Lauren Markham

Just a Cupful

In a rare moment of quiet, Carmita settles into Dr. Malcom’s recliner. She should be sweeping up the crumbs from lunch and emptying the dishwasher, preparing Mrs. Malcom’s evening meds. Dr. Malcolm will be home soon, and he’ll have a few more things for Carmita to do before she and Manny can go home. But Manny and Mrs. Malcolm never sleep at the same time like this, and the quiet is palatial, only the sounds of the two invalids breathing and the wind’s bright whistles against the adobe. Carmita stares out the window to where the horses chomp the dry tufts of grass and imagines the wind on her like hands.

Wind like this is unusual for this time of year. It should be that May is when winter is long-gone but the heat hasn’t yet come, the month when Carmita wants to push open the windows to let fresh air roll through the shut-up house, over the sofa and Manny, into Mrs. Malcolm’s just-combed hair. But lately the wind is so bad it knocks stuff over, like the flowerpots in the Malcoms’ garden, so the windows stay closed. There is something a little sinister about the weather but Carmita won’t admit this to her mother, who’s full of ideas about the astrological significance of every little thing.
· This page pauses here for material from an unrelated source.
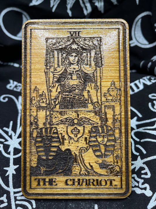 The Chariot Tarot Card | Laser Engraved Wooden Card | Major Arcana Gift

The Malcoms’ house looks over the low belt of escarpment into the shallow valley. Beyond it is the toothy grin of the mountains and the open mouth of New Mexican sky. The flowers chuckle up from the overturned pots, the cacti spout their funny little blooms. The Malcolms aren’t from here, but they call it home. The horses and the cacti and the monstrous blue is like a movie backdrop that the Malcolms pulled into their life and left there.

“Shoulda gotten rid of those horses,” Ray always says. It’s playing through her mind now like a mean jingle as she watches them in their dry pasture. Eight years ago, Dr. Malcolm bought a new horse for Mrs. Malcolm’s birthday, imported from another country. There are pictures of her laughing after she rips off her blindfold to find the horse tied in a silky bow. “She rode him and rode him,” Dr. Malcolm told Carmita, but not long after, it spooked at a rattler and dumped her on her head. Since then she’s brain damaged. Mrs. Malcolm’s body, unlike the horses’, Carmita’s, even Manny’s, is no longer hers.

Ray’s a little right, Carmita thinks: there is something sick about it, the way Mrs. Malcolm looks down all day on them running around or just standing there eating without needing any help, flicking their manes like quick little brags. He says, “If one did you like they did her, I’d shoot him and feed him to the dogs.” He likes to say rough-nice things like this then run his hands over Carmita’s tits and squeeze.

But Dr. Malcolm doesn’t shoot the horses, he just continues to train and run them as if, Carmita’s thought before, he can work them hard enough that everything flips backward in time.

“Riding was her big love,” he says, shaking his head. “It’s good for her to still have the horses nearby. Brings the life back to her.” Well, thinks Carmita. But it’s none of her business. She and Dr. Malcolm are a good team—staying out of each other’s way and feeling their own brand of badly for one another. No one wishes a retarded kid or a brain-damaged wife on someone else. Dr. Malcolm spends all day out seeing patients, making house calls, filling up his calendar with more things to do for tomorrow, and cutting Carmita her weekly check.

Manny wakes up and starts socking himself. He folds his fingers halfway down and pummels his cheek, his forehead. He does this every now and again. Doctors say it’s to experiment with his physical sensations. He whacks hard, then harder.

“Manito,” she says softly. “Don’t do that, baby.” She’s said it one hundred thousand times, just like that. Mrs. Malcolm doesn’t stir, only bobs a little as she breathes in and out while Carmita, break over, gets up to sweep the floor, rub down the counters, clank the dishes back where they belong.